If you open up load.yml, you’ll see the guessed file format definitions including file formats, encodings, column names, and types.

in:
  type: s3
  access_key_id: XXXXXXXXXX
  secret_access_key: YYYYYYYYYY
  bucket: sample_bucket
  path_prefix: path/to/sample_file
  parser:
    charset: UTF-8
    newline: CRLF
    type: csv
    delimiter: ','
    quote: '"'
    escape: ''
    skip_header_lines: 1
    columns:
    - name: id
      type: long
    - name: company
      type: string
    - name: customer
      type: string
    - name: created_at
      type: timestamp
      format: '%Y-%m-%d %H:%M:%S'
out:
  mode: append

Then, you can see a preview of the data using the td connector:preview command.

$ td connector:preview load.yml
+-------+---------+----------+---------------------+
| id    | company | customer | created_at          |
+-------+---------+----------+---------------------+
| 11200 | AA Inc. |    David | 2015-03-31 06:12:37 |
| 20313 | BB Imc. |      Tom | 2015-04-01 01:00:07 |
| 32132 | CC Inc. | Fernando | 2015-04-01 10:33:41 |
| 40133 | DD Inc. |    Cesar | 2015-04-02 05:12:32 |
| 93133 | EE Inc. |     Jake | 2015-04-02 14:11:13 |
+-------+---------+----------+---------------------+
Untitled-3
guess command needs over 3 rows and 2 columns in source data file, because it guesses column definition using sample rows from source data.
Untitled-3
If the system detects your column name or column type unexpectedly, modify `load.yml` directly and preview again.
Untitled-3
Currently, the Data Connector supports parsing of "boolean", "long", "double", "string", and "timestamp" types.
Untitled-3
The `preview` command will download one file from the specified bucket and display the results from that file.
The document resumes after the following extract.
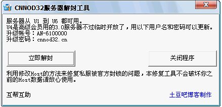 CNNOD32服务器解封工具 1.0 绿色免费版 哈哈原本不是我要做的事,看着用私服的网友急得像热锅上的蚂蚁,写个出来让大家用用吧,修复方法是利用了CNNOD32的手动修改方法,一键全模拟操作,不破坏之前HOST内容,放心使用!

This may cause a difference in results from the preview and issue commands.

Step 3: Execute Load Job

Finally, submit the load job. It may take a couple of hours depending on the size of the data. Specify the Treasure Data database and table where the data should be stored.

It’s also recommended to specify --time-column option, since Treasure Data’s storage is partitioned by time (see also architecture) If the option is not provided, the Data Connector will choose the first long or timestamp column as the partitioning time. The type of the column specified by --time-column must be either of long and timestamp type.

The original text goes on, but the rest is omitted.